На самом деле ее звали Жанна Луиза Бодон, она родилась 9 июня 1868 года в городке под названием Бельвиль, совсем неподалеку от Парижа; ее мать была шлюхой. Местечко Бельвиль, располагающееся на высоком и отвесном плато, в те времена едва ли могло претендовать на что-то общее с Парижем: позднее оттуда провели канатную дорогу, чтобы улучшить связь с городом света и веселья. На поприще проституции ее мать трудилась с четырнадцати лет до тридцати одного года, потом сделалась слишком тучной и стала зарабатывать на жизнь гаданием на кофейной гуще. Она называла себя модисткой. «Моя мать была красивой, блистательной и знаменитой парижанкой периода Второй империи», — пишет Джейн в своих мемуарах, вышедших в 1930-е годы, и намекает, что ее отец — итальянский граф; ведь так всегда можно сказать, и в большинстве случаев это прозвучит вполне правдоподобно: моим отцом был итальянский граф, но еще правдоподобнее было бы, если бы он оказался местным крестьянином по имени Фан. Поэтому мать берет себе имя «Элиза, графиня фон Фон» и отдает ребенка на воспитание своим родителям; это происходит во время осады Парижа в 1870 году, в тот же год, когда Шарко отсылает семью вместе с детьми в Лондон. К этому я еще вернусь.
Группа прусских солдат считает Джейн своим талисманом, но первое немецкое предложение, которое она выучивает, возбуждая всеобщее веселье: «Все пруссаки свиньи».
Время от времени мать берет ее к себе и избивает, а в промежутках — периоды отдыха у бабушки и дедушки, и тогда жизнь делается веселой. Одному из бывших любовников матери становится жалко Джейн, он подкармливает ее, она начинает полнеть, что доставляет ему двоякое удовольствие.
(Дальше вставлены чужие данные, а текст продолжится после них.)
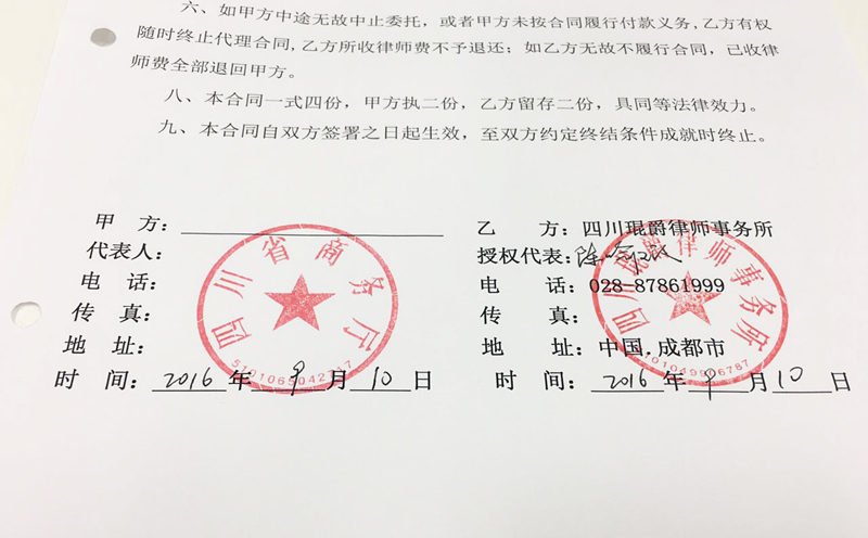 9月18日,四川省商务厅因设立驻德国商务代表处事务需要,特聘请太琨律品牌律师(成都)四川琨爵律师事务所法律事务部陈喻瑕律师为专项法律顾问,作为其在中国相关项目代理。陈喻瑕律师曾为多家大中型企业、上市公司提供法律服务,理论功底扎实、颜值与才华并存。对于此次受聘,陈瑜暇律师表示会尽职为四川省商务厅贡献自己的力量。太琨律品牌律师做为一家国际化的精英律师品牌,致力于为国内外各大企业机构提供高品质法律服务。
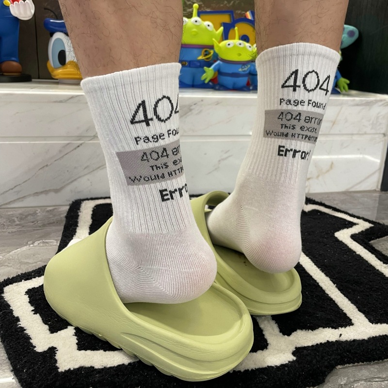 Socks for Men and Women Street Style Personality Ins Trend Letter Skateboard Sports Mid-Calf Socks Versatile High-Waist White Socks

Джейн молодец: умеет «убирать, разжигать огонь и готовить еду». Она настоящая шалунья, — таково общее мнение, — хоть и застенчива. «Никогда не забывай, что ты дочь итальянского графа», — постоянно твердит ей мать. Юная Джейн верит в Бога и хочет спасти мать от вечной кары, потом она махнет на все рукой и на попытки спасения матери тоже.
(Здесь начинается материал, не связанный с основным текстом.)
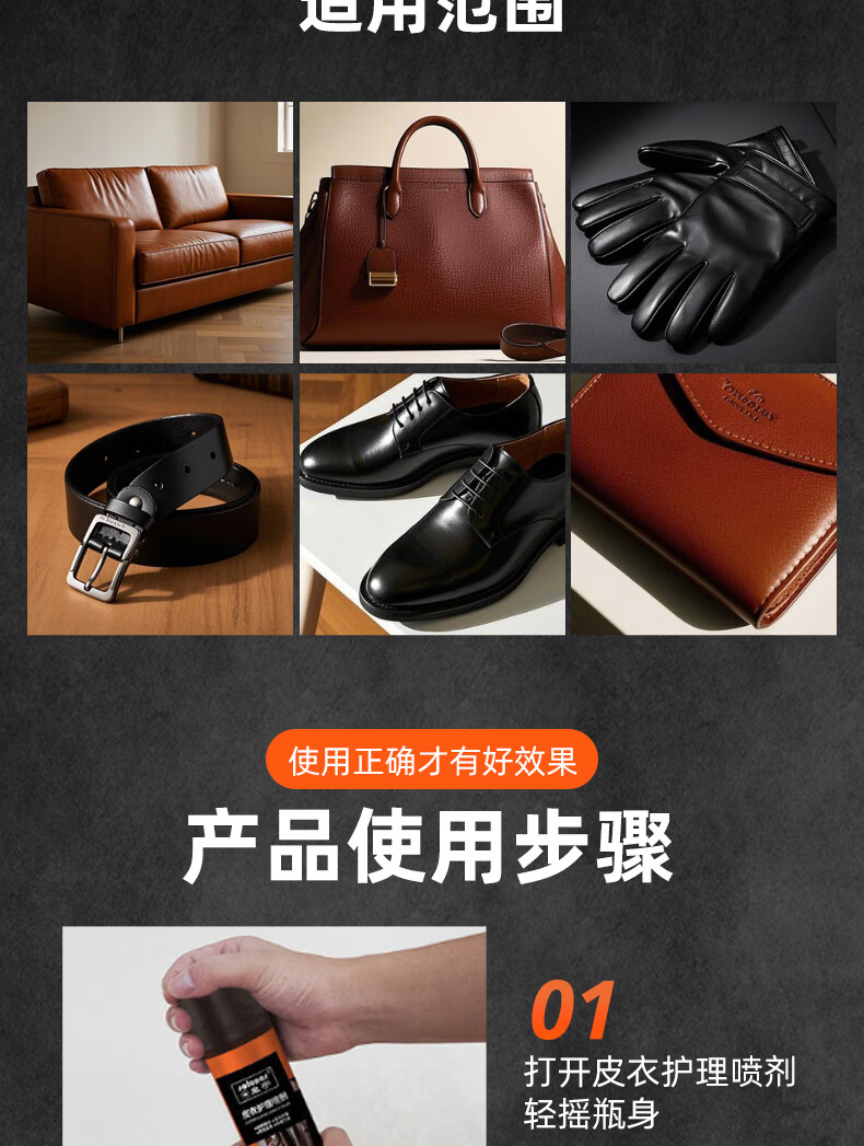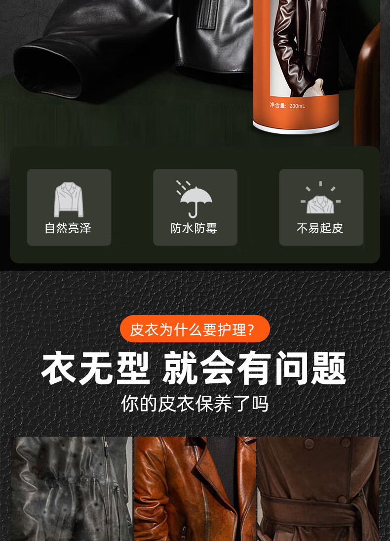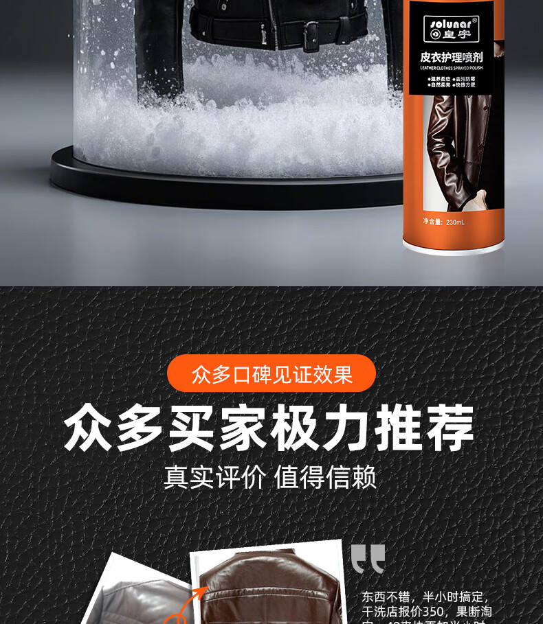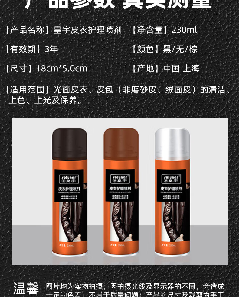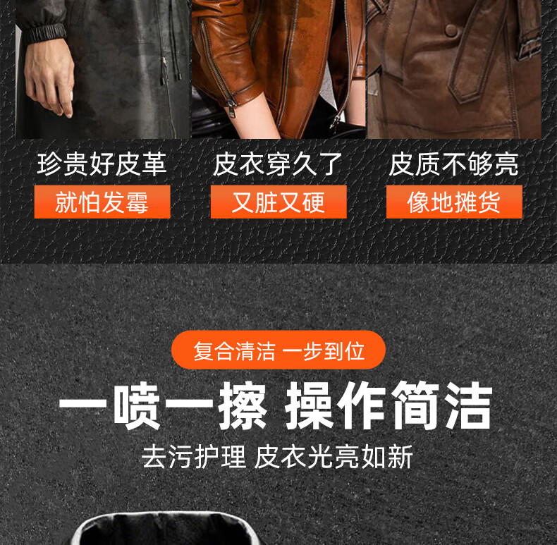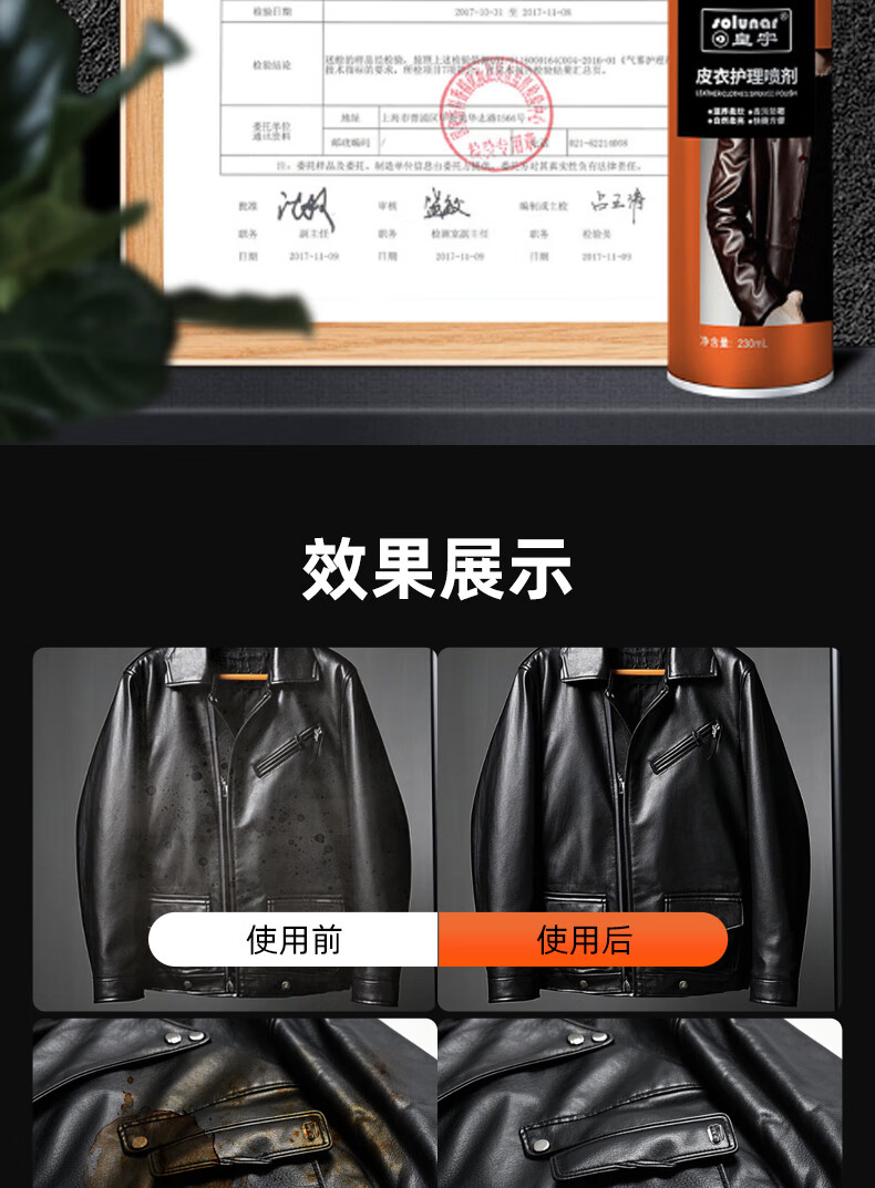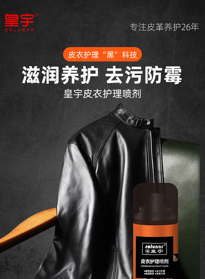 皇宇 皮衣护理喷剂保养油皮夹克皮具上色清洁黑色230ml新老包装随机发

Начало жизненного пути Джейн производит угнетающее впечатление.
В тринадцать лет она просит милостыню на окраинах. Ее молодость отмечена сентиментальностью в духе того времени, знаменитой и интересной она станет позднее, прежде всего благодаря рисункам Тулуз-Лотрека.
Будучи слабохарактерной, она с трудом преодолевает юношеские годы.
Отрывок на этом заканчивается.